Saturday, December 5, 2015



Never give up is what my family's motto has always been. Never give up is what my mom and dad always used to tell me.

When I was in middle school, I remember that I decided to play volleyball. I'm not sure why, because no one in our family was particularly skilled at this sport and I certainly wasn't. All my friends were playing so I decided to as well. One day, my dad was trying to practice "bumping" the ball back and forth and I sucked SO bad. Gosh, I was terrible. My Dad was getting visibly frustrated. I remember thinking, "Oh great. I knew I was bad. I knew it." Coming from a family of 3 brothers who are all exceptionally skilled at baseball, I was so ashamed to be so bad at something that should be easy for me! It has a ball! I have hand-eye coordination! Why wasn't this working!? But my Dad would NOT let me give up. When I started to cry because I felt so terrible, he told me, "Kam, you're going to get better. Keep practicing. Never give up!!"

I was thinking about that today because I have been in a serious funk. It's caused me to have a storm of thoughts and emotions constantly bombarding my mind and making me feel like crap. "Never Give Up!" But what if I want to? What if I feel there are no other options? What if it hurts so much to keep going and to not give up?

There are things that I wish I could talk to my Dad about. I wish he could talk to me about my questions. I wish he was here and could tell me how he got through the pain he went through and the bankruptcy and the heartache.
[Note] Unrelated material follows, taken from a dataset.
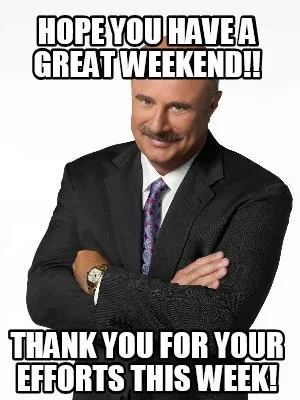 Hope you have a great weekend!! Thank you for your efforts this week! Meme Template
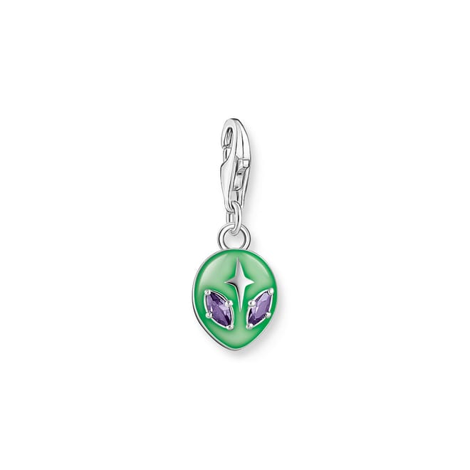 Charm pendant alien with green cold enamel and white zirconia silver -

I wish he could tell me to never give up, one more time.

It doesn't haunt me consistently like it used to, to think about my Dad. I picture my mind is like a fortified castle. When a thought penetrates my mind's outer walls about my Dad, I assess the threat. Is it a good thought? A good memory? Will this memory cause me pain? Will I cry and will my heart ache? Most of the time, I don't let the thought get too far. I don't let it really sink in. Because there are 16 other people around me and I can't cry to them and tell them I don't know why my Dad isn't here anymore. I don't know why. But sometimes, I do let the thoughts get through the outer walls and they do crush me for a time. It's okay, I know, but it hurts so badly and I don't like it. I hate that people don't have the words. I understand, but it sucks. I hate that I don't know why my Dad wasn't healed when I asked Jesus persistently.

I don't know how to explain the feelings I feel when I really think about how there are so many things I don't understand. I have asked Jesus . He reminds me that He's good. That it's His character to heal and it's His character to save and it's His character to bind up the wounds. I know that He's still good. I'm so thankful that my Dad showed me a glimpse of the Father heart of God.

Tonight, I imagine my Abba Father. He's holding my hand. He's telling me not to give up. He's telling me that it's okay to have funky seasons that don't feel right. He's telling me to keep going. Patience and waiting are refining me. He's telling me that I'm becoming more beautiful even though I don't think so. Anxiety will not win. Don't give up on the fight. You're not alone.